#### INSTRUCTIONS FOR THE TASK
Every line of the listing below from the one with "我们进入抖音短视频今后,我们" up to and including the one with "39 Niibot Поваренная" should be retyped exactly, and nothing else; pictures are not part of the copy.
:: MATERIAL FOR THIS TASK
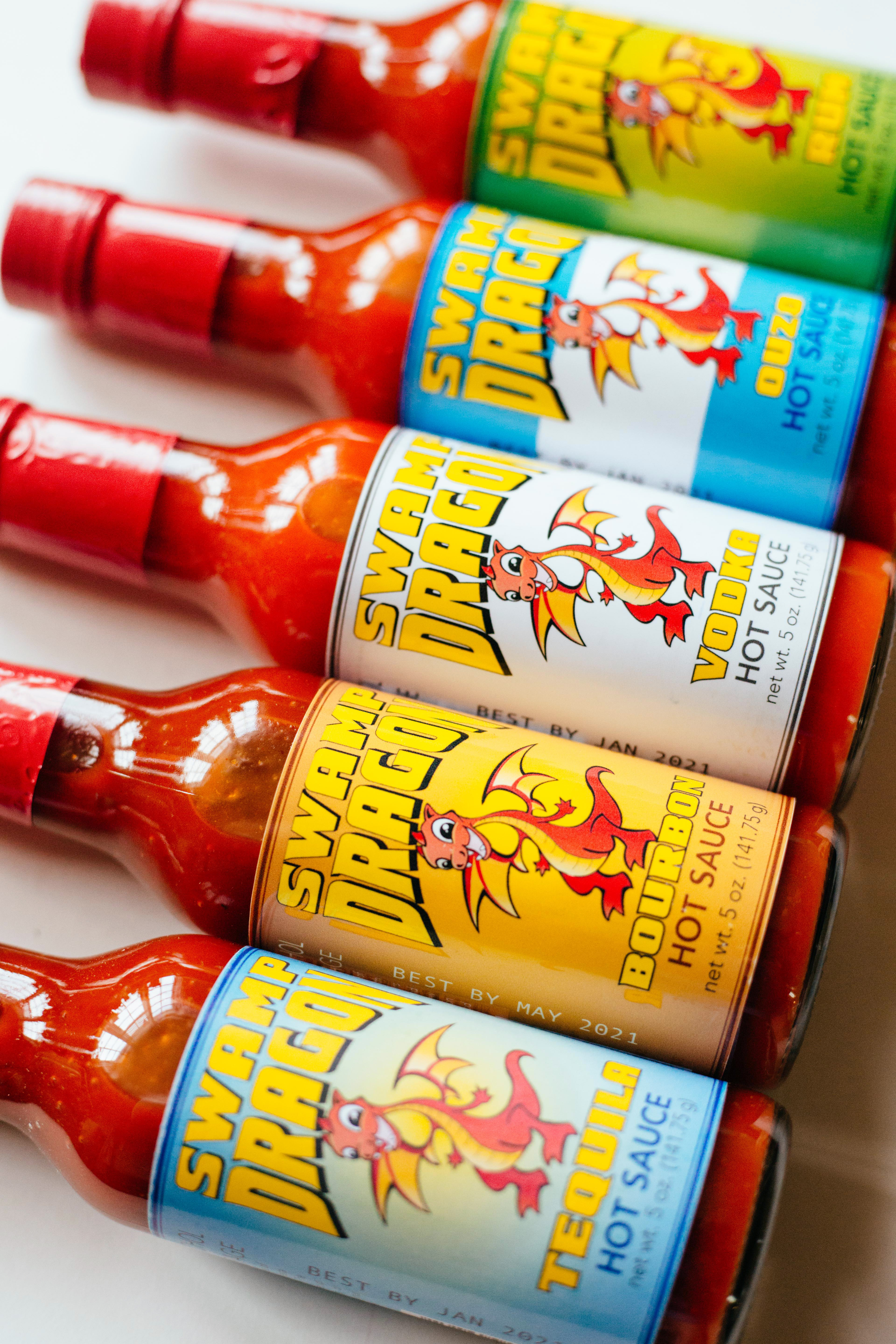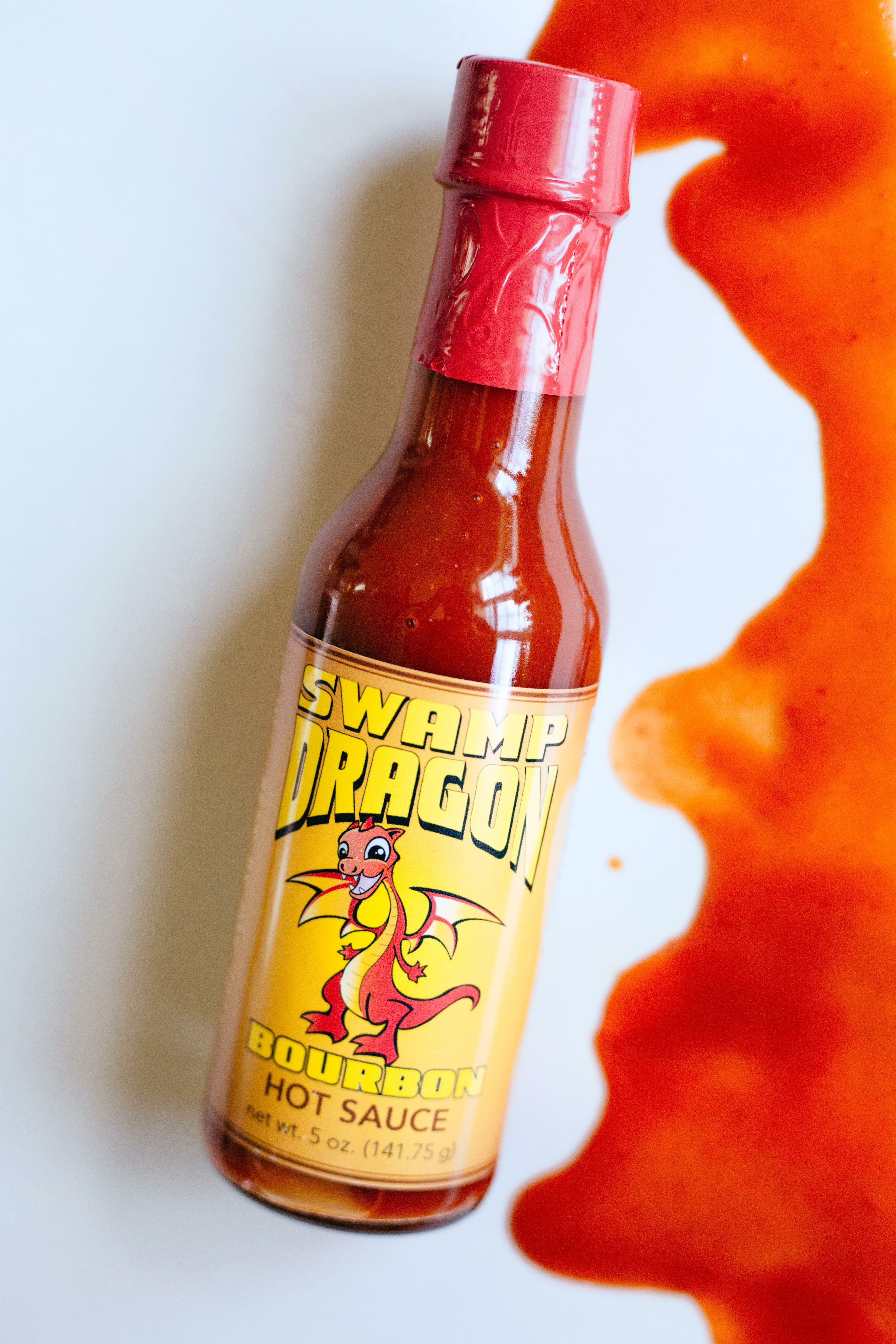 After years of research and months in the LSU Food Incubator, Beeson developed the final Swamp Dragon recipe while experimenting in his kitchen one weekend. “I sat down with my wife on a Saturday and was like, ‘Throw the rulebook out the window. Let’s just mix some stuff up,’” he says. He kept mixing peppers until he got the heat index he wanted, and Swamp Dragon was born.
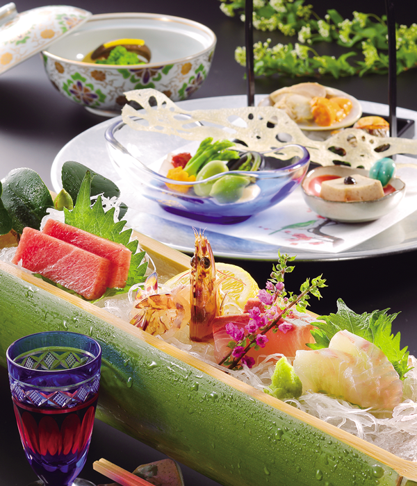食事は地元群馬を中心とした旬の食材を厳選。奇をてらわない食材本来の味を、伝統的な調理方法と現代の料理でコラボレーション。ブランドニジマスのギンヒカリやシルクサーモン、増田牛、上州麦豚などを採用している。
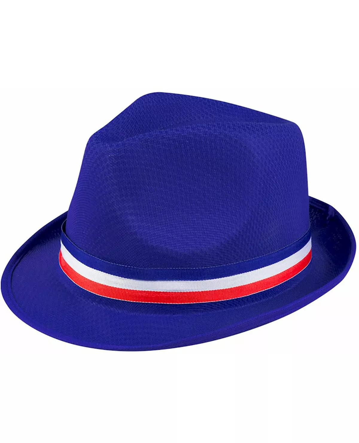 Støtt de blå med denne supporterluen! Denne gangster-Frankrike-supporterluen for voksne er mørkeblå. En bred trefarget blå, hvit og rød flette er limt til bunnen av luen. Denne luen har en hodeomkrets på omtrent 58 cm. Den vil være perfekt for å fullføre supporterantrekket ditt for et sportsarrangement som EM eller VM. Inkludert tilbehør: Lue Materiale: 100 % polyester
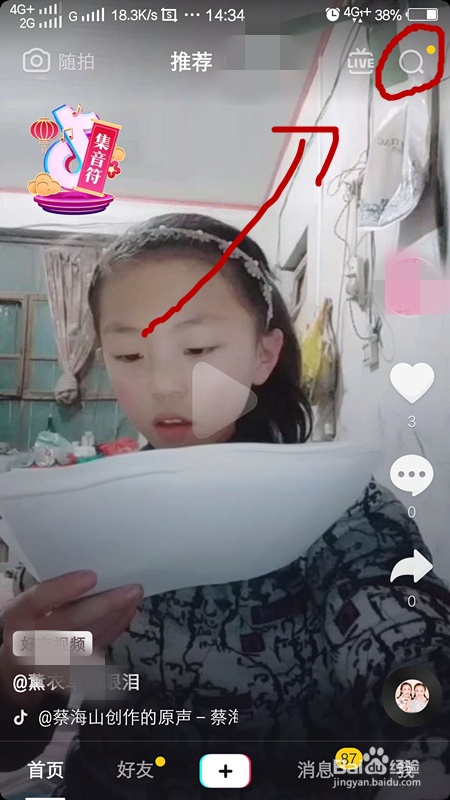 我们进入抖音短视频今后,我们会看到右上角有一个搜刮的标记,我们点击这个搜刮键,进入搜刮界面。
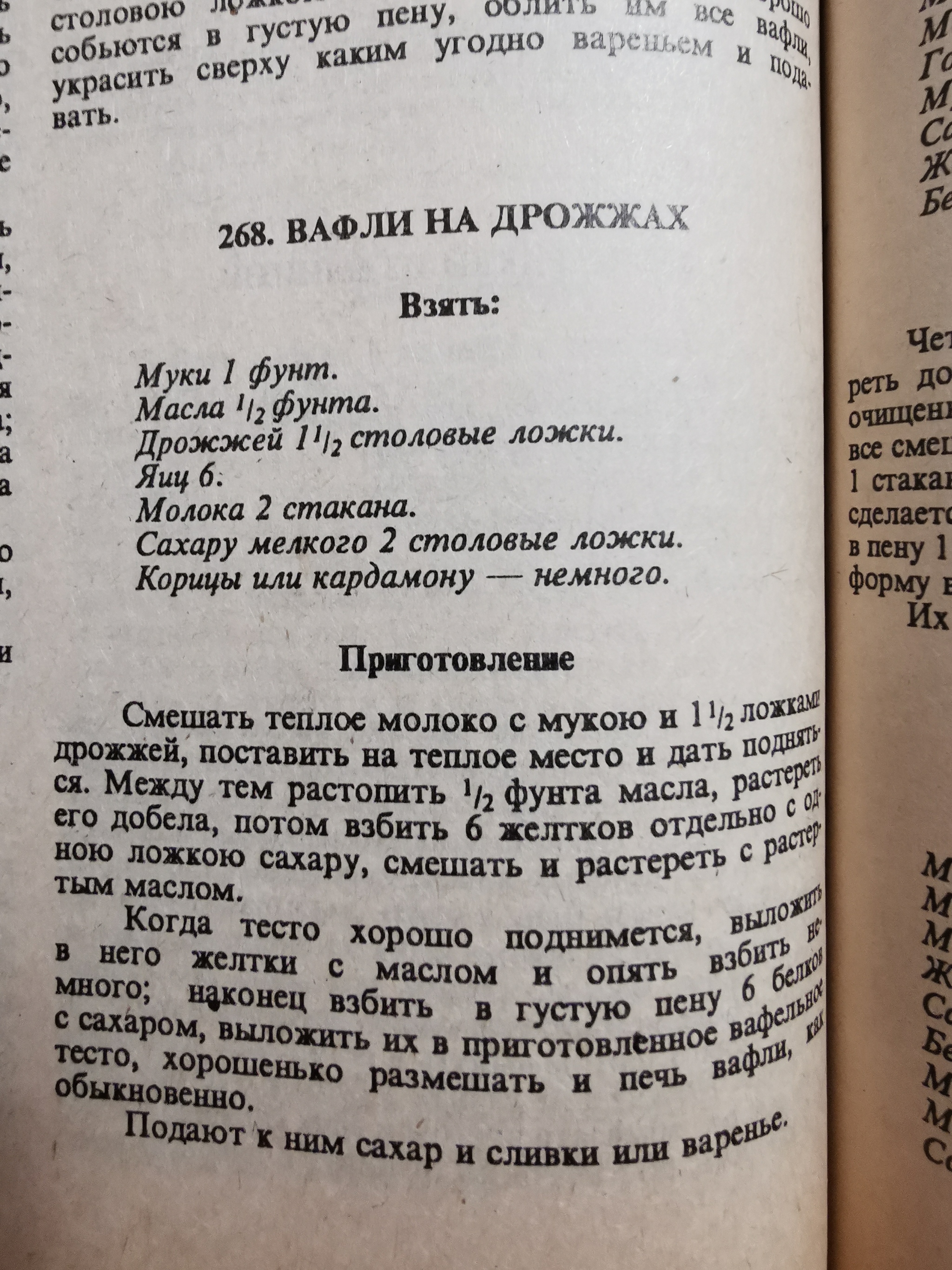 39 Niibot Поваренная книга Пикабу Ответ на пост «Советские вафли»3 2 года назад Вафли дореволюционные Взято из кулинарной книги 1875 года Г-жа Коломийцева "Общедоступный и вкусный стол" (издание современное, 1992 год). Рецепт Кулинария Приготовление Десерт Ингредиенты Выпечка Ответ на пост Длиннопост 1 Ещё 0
::::
:: MATERIAL FOR THIS TASK
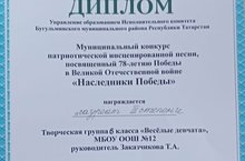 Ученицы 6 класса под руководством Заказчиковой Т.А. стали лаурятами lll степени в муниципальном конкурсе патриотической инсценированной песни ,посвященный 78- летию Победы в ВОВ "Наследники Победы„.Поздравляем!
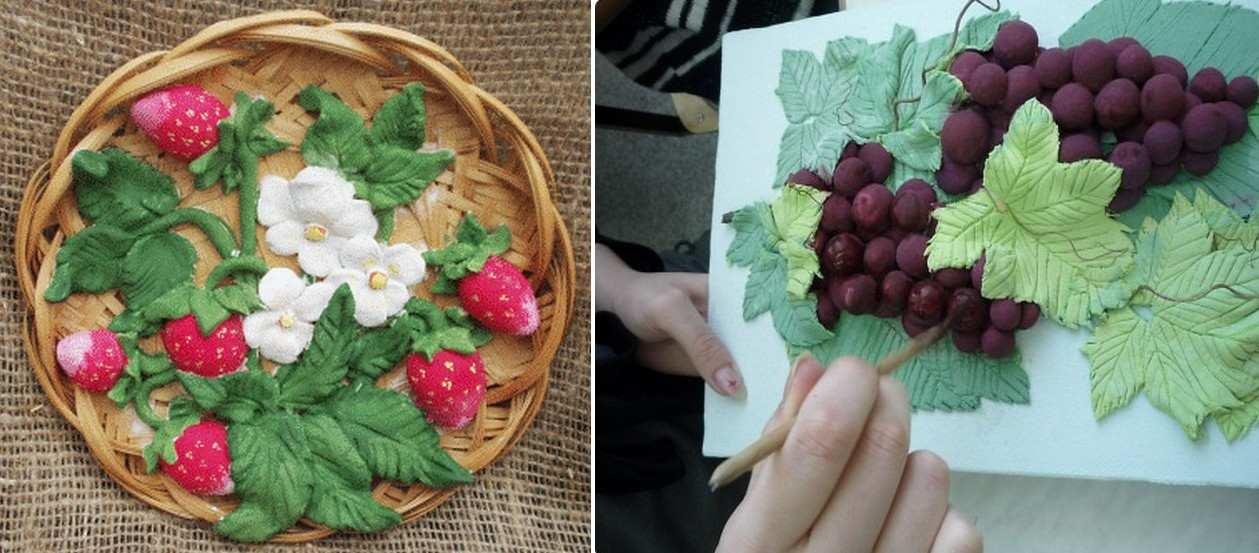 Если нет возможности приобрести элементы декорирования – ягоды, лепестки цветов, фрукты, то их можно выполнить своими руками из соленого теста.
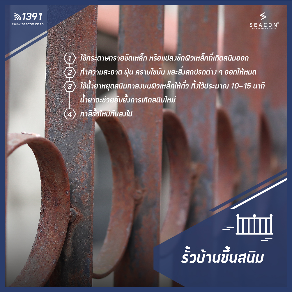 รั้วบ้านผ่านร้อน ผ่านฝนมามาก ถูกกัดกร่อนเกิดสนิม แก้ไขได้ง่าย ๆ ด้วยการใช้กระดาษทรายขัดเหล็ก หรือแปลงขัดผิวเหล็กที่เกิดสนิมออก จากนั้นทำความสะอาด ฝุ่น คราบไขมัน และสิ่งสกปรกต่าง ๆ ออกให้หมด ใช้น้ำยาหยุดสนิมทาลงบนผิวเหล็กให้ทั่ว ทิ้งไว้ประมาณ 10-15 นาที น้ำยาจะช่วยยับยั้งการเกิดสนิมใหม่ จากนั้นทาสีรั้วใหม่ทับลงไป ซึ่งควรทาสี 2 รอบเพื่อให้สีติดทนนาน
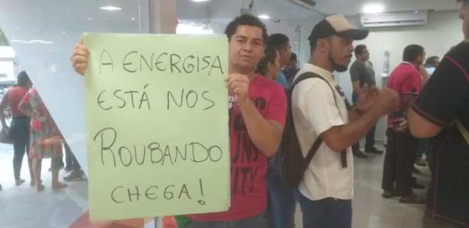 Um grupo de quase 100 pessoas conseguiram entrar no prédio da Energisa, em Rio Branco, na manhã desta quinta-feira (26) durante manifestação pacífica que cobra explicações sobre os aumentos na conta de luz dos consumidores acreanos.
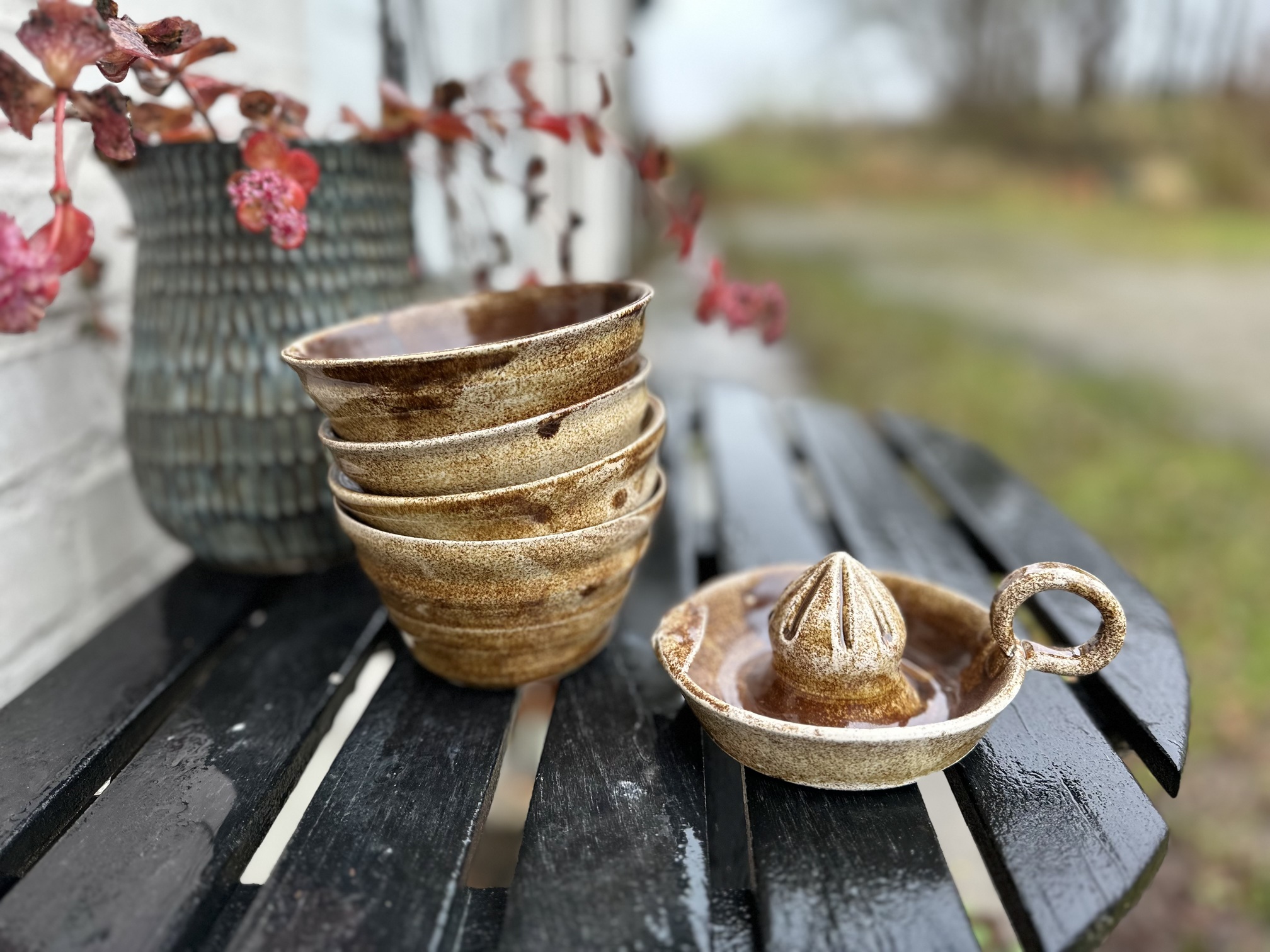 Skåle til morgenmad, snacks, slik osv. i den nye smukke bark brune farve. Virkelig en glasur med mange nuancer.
::::
#### WRITTEN RESPONSE
 我们进入抖音短视频今后,我们会看到右上角有一个搜刮的标记,我们点击这个搜刮键,进入搜刮界面。
 39 Niibot Поваренная книга Пикабу Ответ на пост «Советские вафли»3 2 года назад Вафли дореволюционные Взято из кулинарной книги 1875 года Г-жа Коломийцева "Общедоступный и вкусный стол" (издание современное, 1992 год). Рецепт Кулинария Приготовление Десерт Ингредиенты Выпечка Ответ на пост Длиннопост 1 Ещё 0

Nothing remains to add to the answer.